**TASK TO COMPLETE:**
Transcribe, exactly and without pictures, the lines below from the line with "Пока тесто подходит, займемся" to the line with "Furthermore, we constructed", both ends included, and no others.

**DATA:**
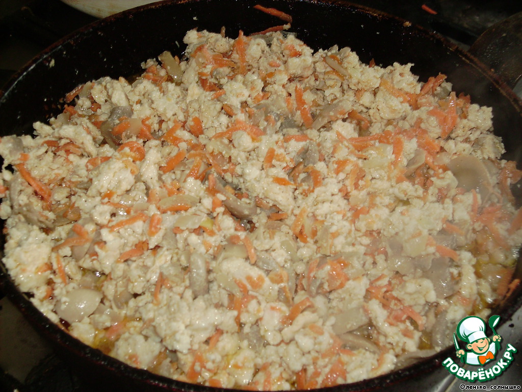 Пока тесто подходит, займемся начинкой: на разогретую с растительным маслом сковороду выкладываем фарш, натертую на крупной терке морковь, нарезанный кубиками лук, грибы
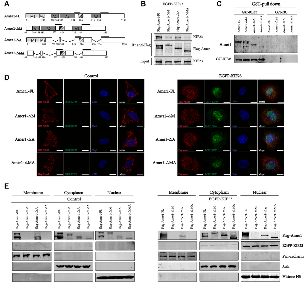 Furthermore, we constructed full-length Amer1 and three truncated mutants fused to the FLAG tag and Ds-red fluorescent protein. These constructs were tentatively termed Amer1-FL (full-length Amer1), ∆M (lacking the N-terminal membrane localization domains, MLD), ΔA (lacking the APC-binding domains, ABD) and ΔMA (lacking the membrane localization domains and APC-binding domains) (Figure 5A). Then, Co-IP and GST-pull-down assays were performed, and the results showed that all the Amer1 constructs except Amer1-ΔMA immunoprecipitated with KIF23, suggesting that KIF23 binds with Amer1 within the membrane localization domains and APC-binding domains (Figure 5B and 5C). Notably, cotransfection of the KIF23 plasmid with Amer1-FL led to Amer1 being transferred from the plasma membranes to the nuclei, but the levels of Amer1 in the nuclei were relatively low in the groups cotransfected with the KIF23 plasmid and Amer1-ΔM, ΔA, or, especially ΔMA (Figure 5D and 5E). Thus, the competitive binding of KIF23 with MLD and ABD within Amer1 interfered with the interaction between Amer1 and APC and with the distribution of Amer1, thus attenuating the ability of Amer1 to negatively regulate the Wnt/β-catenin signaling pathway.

* * *

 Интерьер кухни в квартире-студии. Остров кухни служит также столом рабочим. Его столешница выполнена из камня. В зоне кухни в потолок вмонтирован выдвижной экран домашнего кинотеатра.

---

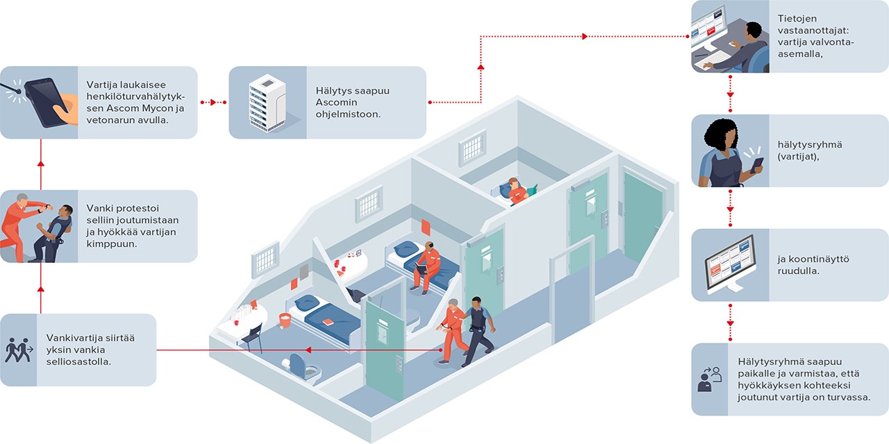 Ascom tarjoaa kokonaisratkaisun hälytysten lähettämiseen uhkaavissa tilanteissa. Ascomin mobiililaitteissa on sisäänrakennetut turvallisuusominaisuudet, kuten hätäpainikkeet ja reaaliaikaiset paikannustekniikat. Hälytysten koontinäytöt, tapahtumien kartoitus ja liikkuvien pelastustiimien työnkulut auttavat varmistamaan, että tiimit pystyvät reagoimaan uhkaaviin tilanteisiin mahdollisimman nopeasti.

**WRITTEN ANSWER:**
 Пока тесто подходит, займемся начинкой: на разогретую с растительным маслом сковороду выкладываем фарш, натертую на крупной терке морковь, нарезанный кубиками лук, грибы
 Furthermore, we constructed full-length Amer1 and three truncated mutants fused to the FLAG tag and Ds-red fluorescent protein. These constructs were tentatively termed Amer1-FL (full-length Amer1), ∆M (lacking the N-terminal membrane localization domains, MLD), ΔA (lacking the APC-binding domains, ABD) and ΔMA (lacking the membrane localization domains and APC-binding domains) (Figure 5A). Then, Co-IP and GST-pull-down assays were performed, and the results showed that all the Amer1 constructs except Amer1-ΔMA immunoprecipitated with KIF23, suggesting that KIF23 binds with Amer1 within the membrane localization domains and APC-binding domains (Figure 5B and 5C). Notably, cotransfection of the KIF23 plasmid with Amer1-FL led to Amer1 being transferred from the plasma membranes to the nuclei, but the levels of Amer1 in the nuclei were relatively low in the groups cotransfected with the KIF23 plasmid and Amer1-ΔM, ΔA, or, especially ΔMA (Figure 5D and 5E). Thus, the competitive binding of KIF23 with MLD and ABD within Amer1 interfered with the interaction between Amer1 and APC and with the distribution of Amer1, thus attenuating the ability of Amer1 to negatively regulate the Wnt/β-catenin signaling pathway.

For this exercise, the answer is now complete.